I had a look at a few of your recent games. The problems in your play are
1. You don't play according to opening principles. You should try to control the center, develop your pieces (develop them early, develop them to squares, where they can be active) and castle yor king to safety (beginners should do this early)). Read e.g. this article: https://www.chess.com/article/view/the-principles-of-the-opening
2. You blunder pieces and don't see tactical combinations. Some improvement comes with experience, doing puzzles and analysing your games will also improve your skills.
castle in the first 10 moves
don't move the same piece, twice, in the first 10 moves
don't forget about what you opponent is trying to do.
Click here to find out more: https://chessmood.com/?r=NationalChessBlasters
Good luck!
Thanks this was very helpful!
By the way, I would recommend to you as a beginner YT channel Chess Vibes. It's the best chess channel on YT in my opinion, and is especially useful for beginners like you as he does rating climb against players at your rating (about 580-600, but already he has 800-900).
Chess Vibes does the best job explaining beginner concepts in my opinion. I usually redirect any newbie who asks me for advice to his videos.
Blunder check before you move.
Do not play your intended move, but imagine it played on the board.
Then check it does not hang any piece or pawn, or runs into checkmate.
Only then play it.
Sit on your hands.
I don't know how much time you have for study & practice, but there is a lot really useful and instructive tutorials available free on YouTube. I particularly recommend Levy Rozman (search for Gothamchess) he's a very good analyst and teacher, and is always engaging. If you have some money to spend, then I'd also recommend Levy's book How to Win at Chess, it covers all the basics of strategy and tactics and each chapter contains QR codes where you can access various videos and drills.
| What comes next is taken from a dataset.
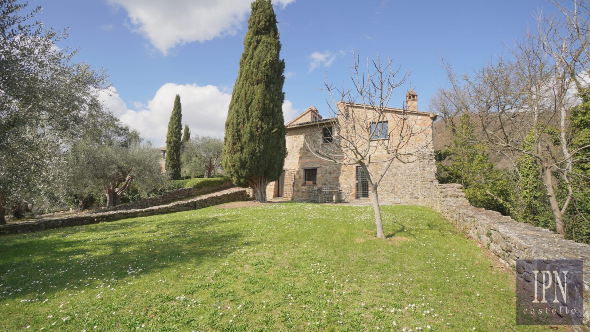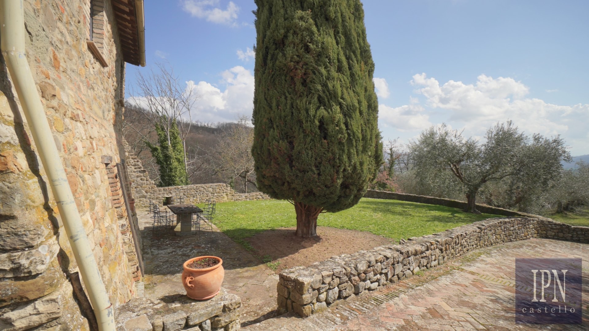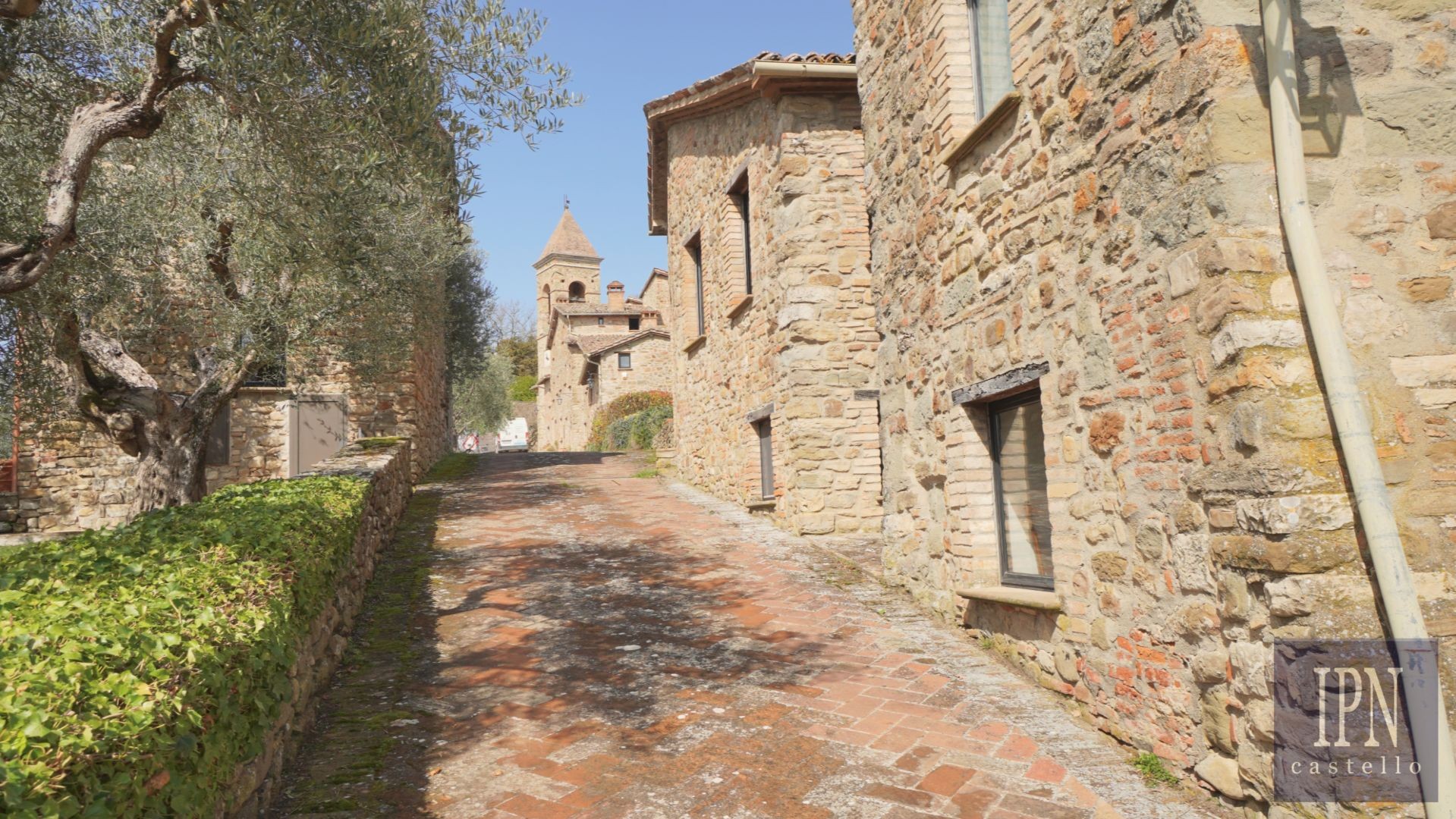 Dom dysponuje również dwoma prywatnymi przestrzeniami zewnętrznymi: ogrodem z przodu oraz drugim ogrodem z tyłu, z bezpośrednim dostępem do odrestaurowanego kościoła. Dodatkowo mieszkańcy mają dostęp do wspólnego basenu i kortu tenisowego w obrębie borgo.

His website chessly.com also contains a lot of tutorials. There is a charge for these courses, but also quite a few free samples, so you can try before you buy. But there are many, many good coaches and analysts offering videos on openings, defences, traps, tactics and strategies, I find Chess Page 1, hanging pawns, and Remote chess academy very helpful.
I'd say just practice against easy cpus and attempt to predict what your opponent will do next if you can and what you'd do in response. I think that ability will develop naturally over time so no need to worry about it too much. If the opponent is doing well against you then see if you can find what went wrong. You'll get better over time
Learn and apply the most important principles of chess.
Always blunder-check your moves.
Solve tactics in the right way.
Analyze your games.
Study games of strong players.
Learn how to be more psychologically resilient.
Work on your time management skills.
Get a coach if you can.
Apart from those mentioned above, master 1 opening for white, and 2 for black, 1 for the kings pawn, and the other to refute the queens pawn openings (you never know when learning queens pawn openings will prove useful, it's played by a minority, but you might have to face it one day.)
I recommend learning a few openings that beginners at your level may throw at you, and learn to refute it as black.
- Italian and Spanish Games for the Kings Pawn
- Queens Gambit for Queens Pawn (no need to go in depth, as I said, the Queens pawn is played by a minority)
Learn and apply the most important principles of chess.
Always blunder-check your moves.
Solve tactics in the right way.
Analyze your games.
Study games of strong players.
Learn how to be more psychologically resilient.
Work on your time management skills.
Get a coach if you can.
Please stop spamming this copy/paste generic pap. Either look at the games played and offer specifics or don't bother. I've read this same answer from you tons of times.
I am a bit surprised you didn't say that ChessMasteryOfficial is a bot. Because I think it is.
Always one of 2-3 canned comments. Never anything personal or human.